Ok, I am having a problem with browser hijacking.
Running XP sp3
problem is in internet explorer and Firefox (which is what I use)
It happens on yahoo search or google search.
If I type url in directly, then no problem.
If I do a search for an item, 9 times out of 10 the link will take me to a "fake" ad site of some sort.
I have tried everything I know of and nothing has found or fixed it.
MalwareBytes, Spybot, Windows Defender, AVG, SuperAntiSpyware, Smitfraudfix, Ad-Aware, CCleaner, Vipre, etc.
I am new to this forum, what is my next step to get some help on a fix?
What do I need to run or post on this site for people to see?
Thanks so much for any help!
Jason

one other weird thing going on, one of the svchost.exe in the task manager is going up to around 50% after about a day of the computer being ran?

Edited by stratoj, 06 July 2010 - 02:20 PM.


BC AdBot (Login to Remove)

 


#2 chromebuster

chromebuster

  • Members
  • 899 posts
  • OFFLINE
  •  
  • Gender:Female
  • Location:the crazy city of Boston, In the North East reaches of New England
  • Local time:11:44 AM

Posted 06 July 2010 - 02:45 PM

Hi,
Have you tried Eset online scanner at www.eset.com/onlinescan?
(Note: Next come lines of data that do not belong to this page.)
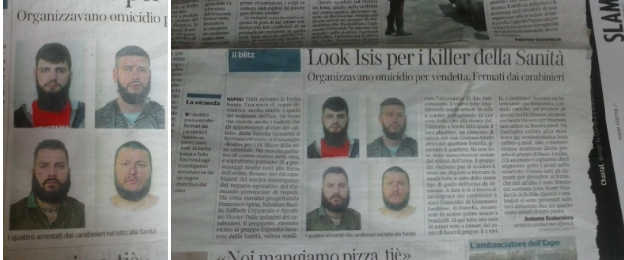
Camorristi napoletani "look Isis"

Di recente, sono stati arrestati in Campania diversi camorristi che per intimidire i nemici hanno provato a scimmiettare il “look Isis”.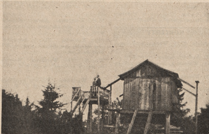
Pawilon z lunetami na Łysinie.

amatorów astronomów) pozwala na dowiedzenie się wielu szczegółów o najdalszych z pośród gwiazd, nieraz niedostępnych dla innych metod badania (n.p. spektroskopem lub t. p.)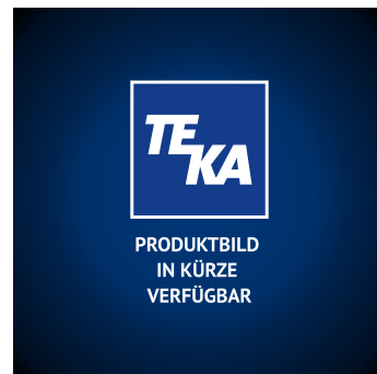
Kit d'extension filtre HEPA Référence de l'article : 4000950144002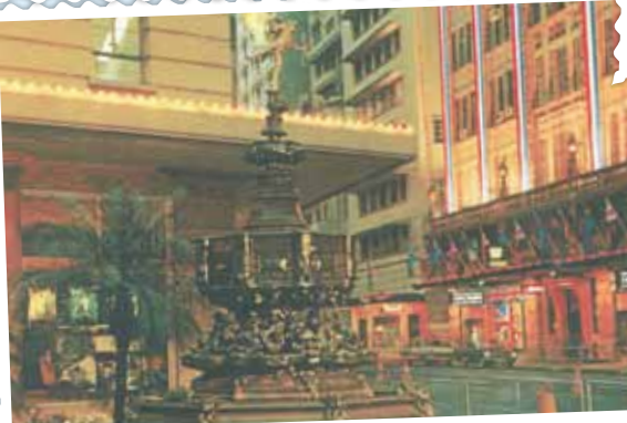
● 德輔道中的連卡佛大廈(右)及皇室行(中)，約1966年。左方是歷山大廈。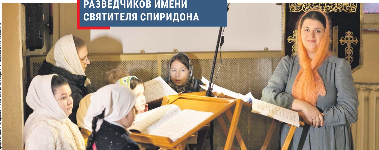
Хор воскресной школы «Княжичи»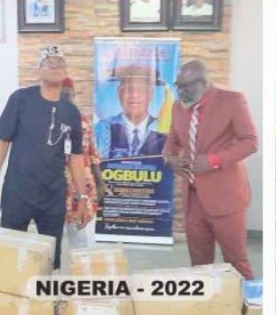
NIGERIA - 2022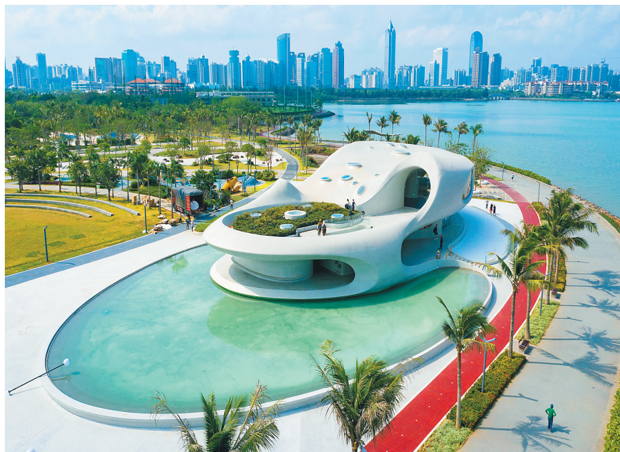
↑ 海口云洞图书馆。

That can sometimes do the trick.

Regards,
Chromebuster

The AccessCop Network is just me and my crew. 

Some call me The Queen of Cambridge


#3 stratoj

stratoj
  • Topic Starter

  • Members
  • 9 posts
  • OFFLINE
  •  
  • Local time:10:44 AM

Posted 06 July 2010 - 03:05 PM

I will give it a try, i am getting desperate.
Thanks

#4 stratoj

stratoj
  • Topic Starter

  • Members
  • 9 posts
  • OFFLINE
  •  
  • Local time:10:44 AM

Posted 06 July 2010 - 05:03 PM

well the Eset online you suggested just got finished and found some stuff, 6 items listed as worms.
That is great since none of the other stuff picked up on them, BUT
still having the same hijacking problems.
Anything else?
Do I need to upload anything here for further help?
Thanks

#5 chromebuster

chromebuster

  • Members
  • 899 posts
  • OFFLINE
  •  
  • Gender:Female
  • Location:the crazy city of Boston, In the North East reaches of New England
  • Local time:11:44 AM

Posted 06 July 2010 - 08:12 PM

Would you mind showing us the log from Eset's scan? You can find it as a .txt file in the program files directory at c:\program files\eset\eset online scanner. Ad also if you could cut and paste the MBAM log as well. That might show us a little better what you are dealing with and we can better give you a hand.

Regards,
Chromebuster

The AccessCop Network is just me and my crew. 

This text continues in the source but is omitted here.